▸ **What the task asks**
In the records below, find the line containing "Quesadilla con winnie" and retype it and every line after it exactly, adding nothing.

Stored items:
□ □ □ □ □

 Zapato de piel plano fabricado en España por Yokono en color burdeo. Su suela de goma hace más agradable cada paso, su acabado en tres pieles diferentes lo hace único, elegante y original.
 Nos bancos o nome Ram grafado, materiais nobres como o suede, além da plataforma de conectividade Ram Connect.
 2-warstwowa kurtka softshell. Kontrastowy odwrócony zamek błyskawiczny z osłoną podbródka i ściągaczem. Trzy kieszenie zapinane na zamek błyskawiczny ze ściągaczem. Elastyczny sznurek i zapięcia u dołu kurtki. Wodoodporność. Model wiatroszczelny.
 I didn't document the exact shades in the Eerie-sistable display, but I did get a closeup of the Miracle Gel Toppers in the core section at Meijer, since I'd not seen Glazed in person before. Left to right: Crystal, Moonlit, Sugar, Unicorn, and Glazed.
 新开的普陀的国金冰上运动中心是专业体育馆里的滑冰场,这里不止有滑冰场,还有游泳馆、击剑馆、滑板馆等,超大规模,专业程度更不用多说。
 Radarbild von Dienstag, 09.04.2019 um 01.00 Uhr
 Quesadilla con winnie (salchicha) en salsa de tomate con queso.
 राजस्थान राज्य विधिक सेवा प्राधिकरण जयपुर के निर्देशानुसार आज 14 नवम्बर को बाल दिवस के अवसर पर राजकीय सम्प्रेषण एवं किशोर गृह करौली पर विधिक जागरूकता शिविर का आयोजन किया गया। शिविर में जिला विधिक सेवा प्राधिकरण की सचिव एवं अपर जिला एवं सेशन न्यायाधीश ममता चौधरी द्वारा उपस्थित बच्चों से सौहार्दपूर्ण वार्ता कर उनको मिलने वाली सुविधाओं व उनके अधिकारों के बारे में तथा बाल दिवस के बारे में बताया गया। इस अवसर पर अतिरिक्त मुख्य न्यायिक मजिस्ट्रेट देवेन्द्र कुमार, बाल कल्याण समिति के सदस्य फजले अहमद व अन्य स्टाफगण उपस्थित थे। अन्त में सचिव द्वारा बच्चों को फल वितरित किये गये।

□ □ □ □ □

▸ **Exercise result**
 Quesadilla con winnie (salchicha) en salsa de tomate con queso.
 राजस्थान राज्य विधिक सेवा प्राधिकरण जयपुर के निर्देशानुसार आज 14 नवम्बर को बाल दिवस के अवसर पर राजकीय सम्प्रेषण एवं किशोर गृह करौली पर विधिक जागरूकता शिविर का आयोजन किया गया। शिविर में जिला विधिक सेवा प्राधिकरण की सचिव एवं अपर जिला एवं सेशन न्यायाधीश ममता चौधरी द्वारा उपस्थित बच्चों से सौहार्दपूर्ण वार्ता कर उनको मिलने वाली सुविधाओं व उनके अधिकारों के बारे में तथा बाल दिवस के बारे में बताया गया। इस अवसर पर अतिरिक्त मुख्य न्यायिक मजिस्ट्रेट देवेन्द्र कुमार, बाल कल्याण समिति के सदस्य फजले अहमद व अन्य स्टाफगण उपस्थित थे। अन्त में सचिव द्वारा बच्चों को फल वितरित किये गये।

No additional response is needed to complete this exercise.